• [Instructions for the task]: Give the records below again in full, exactly as written, but without any images.

**** Input ****

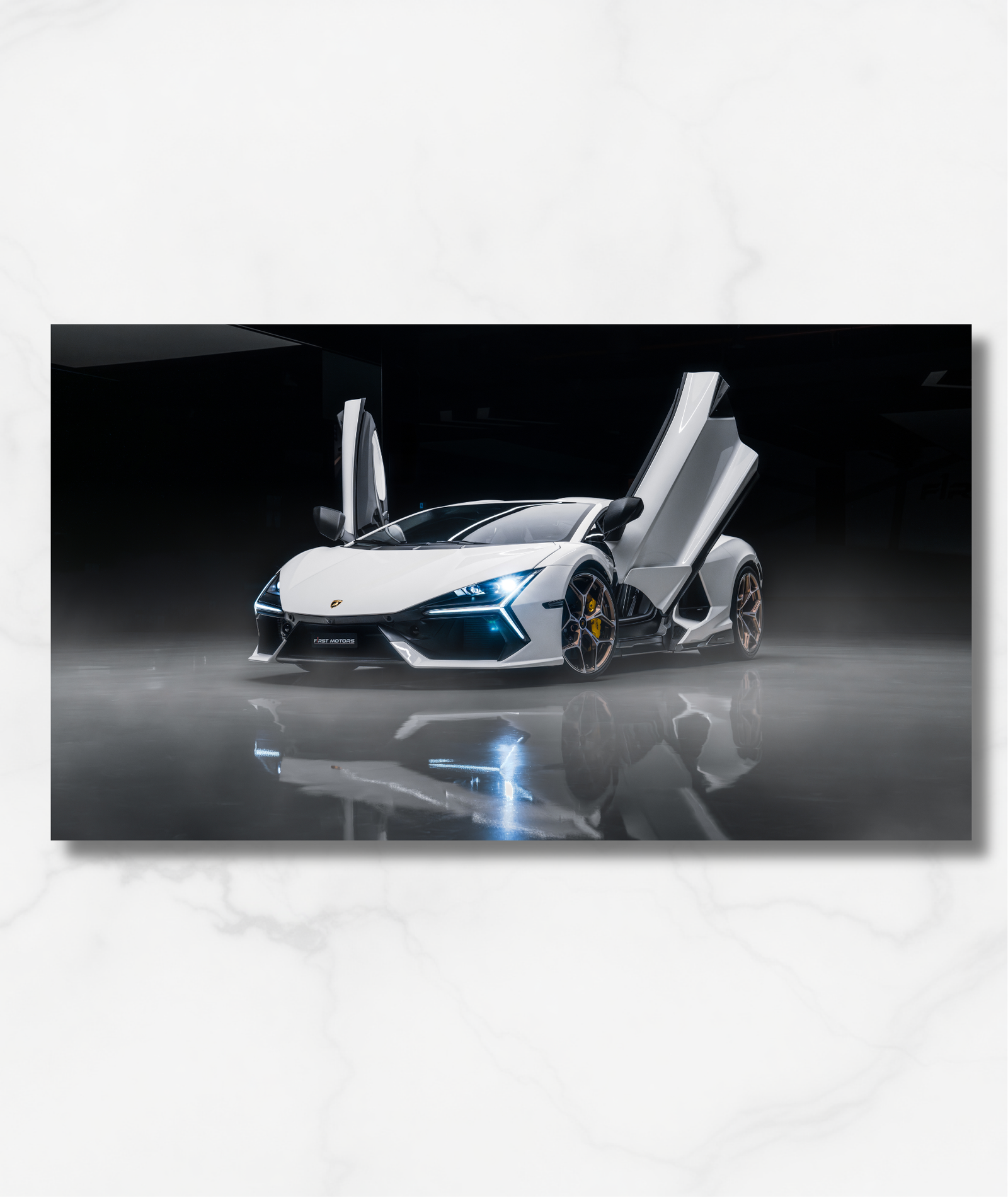 En Artelienzo, fabricamos cada unidad pensando en la perfección técnica que caracteriza a Lamborghini. Queremos que el impacto visual del Revuelto se mantenga intacto en tu espacio.
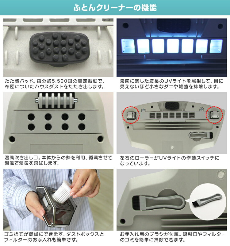 50℃以上の温風で、しっかりダニ退治! 年中活躍するコンパクトで軽い布団乾燥機と UV+温風+たたき機能付き! 弱ったダニをしっかりキャッチする、ふとんクリーナーのセットです。
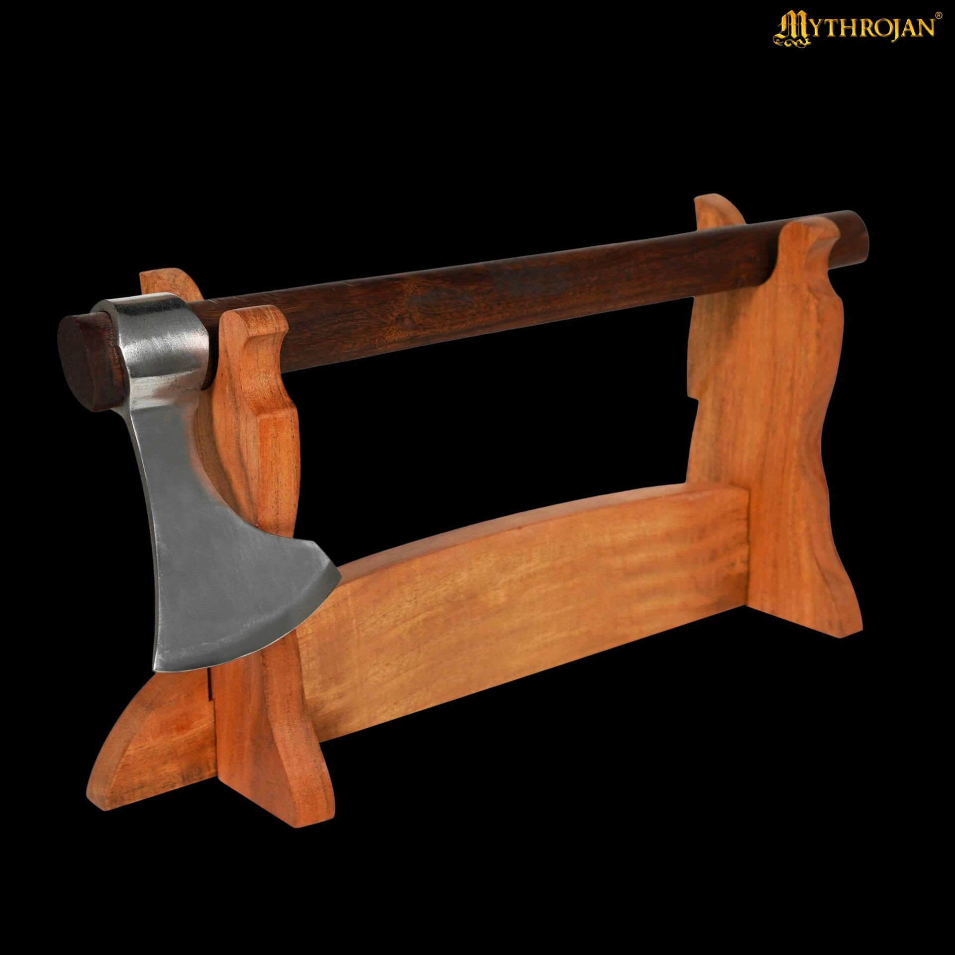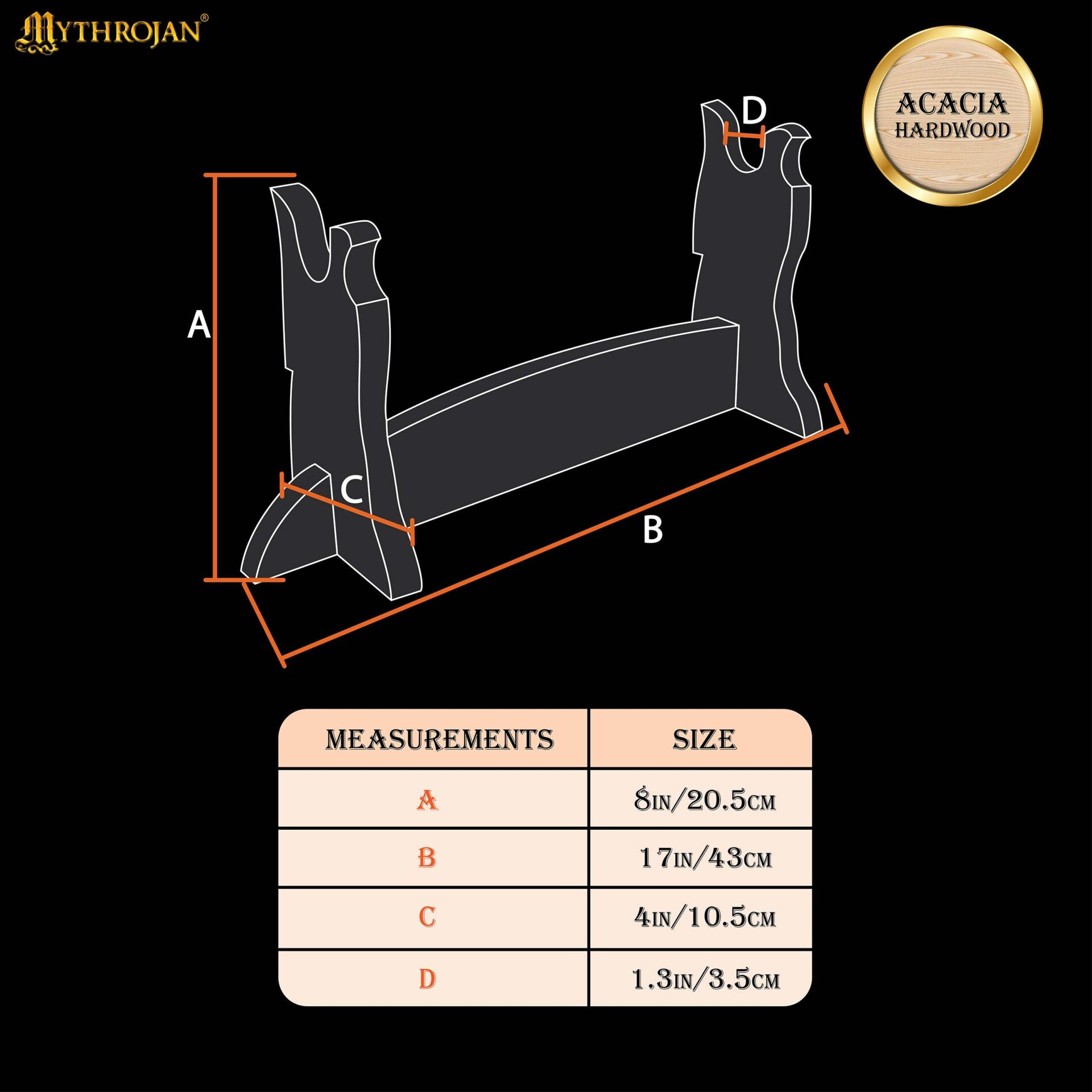 Questo supporto fatto a mano in legno massiccio di acacia combina robustezza e calore, affinché la tua spada sia non solo al sicuro, ma aggiunga anche carattere all'ambiente. La venatura visibile e il colore caldo del legno esaltano la bellezza dell'arma, creando un contrasto elegante che si adatta perfettamente a un soggiorno, uno studio o una vetrina tematica.
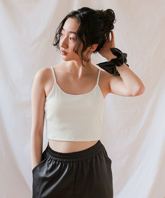 ・竹繊維生地を使用した、ひんやり心地よい接触冷感のあるカップ付きショート丈キャミソール
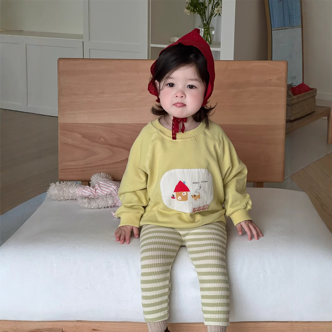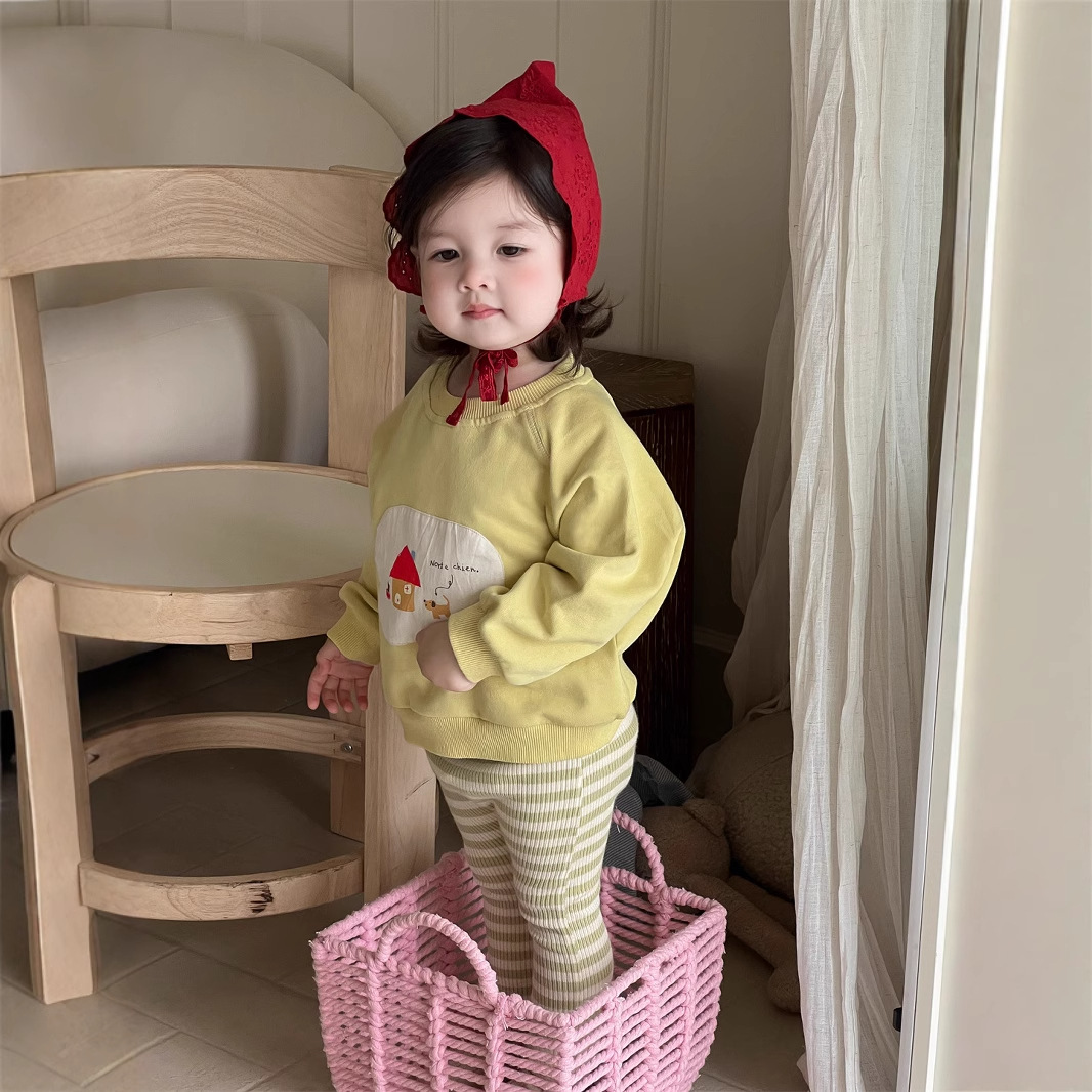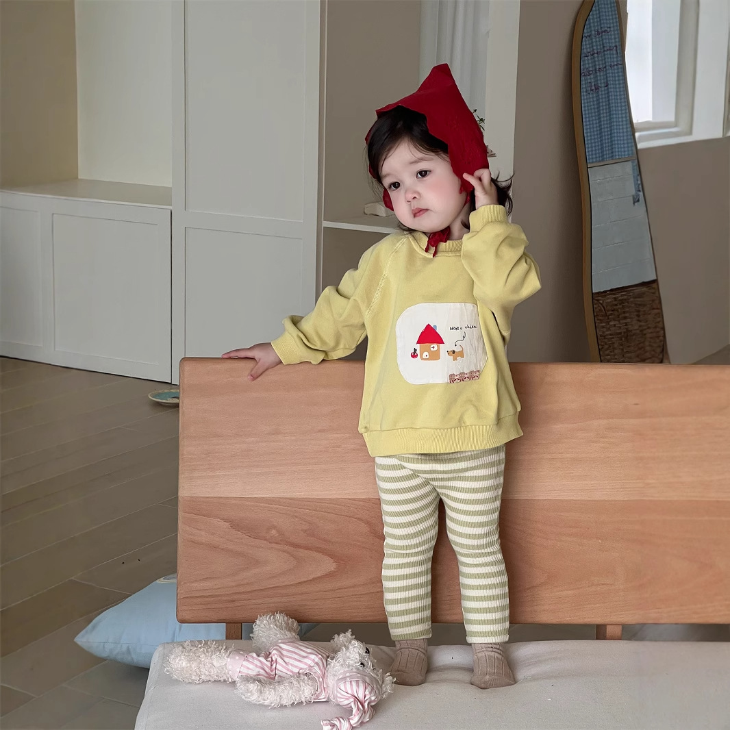 아동 가을 옷 2025 새로운 한국 스타일 아동 의류 소녀 패치 스웨트 셔츠 레깅스 정장 아기 가을 옷

****

• [Reply to the task]:
 En Artelienzo, fabricamos cada unidad pensando en la perfección técnica que caracteriza a Lamborghini. Queremos que el impacto visual del Revuelto se mantenga intacto en tu espacio.
 50℃以上の温風で、しっかりダニ退治! 年中活躍するコンパクトで軽い布団乾燥機と UV+温風+たたき機能付き! 弱ったダニをしっかりキャッチする、ふとんクリーナーのセットです。
 Questo supporto fatto a mano in legno massiccio di acacia combina robustezza e calore, affinché la tua spada sia non solo al sicuro, ma aggiunga anche carattere all'ambiente. La venatura visibile e il colore caldo del legno esaltano la bellezza dell'arma, creando un contrasto elegante che si adatta perfettamente a un soggiorno, uno studio o una vetrina tematica.
 ・竹繊維生地を使用した、ひんやり心地よい接触冷感のあるカップ付きショート丈キャミソール
 아동 가을 옷 2025 새로운 한국 스타일 아동 의류 소녀 패치 스웨트 셔츠 레깅스 정장 아기 가을 옷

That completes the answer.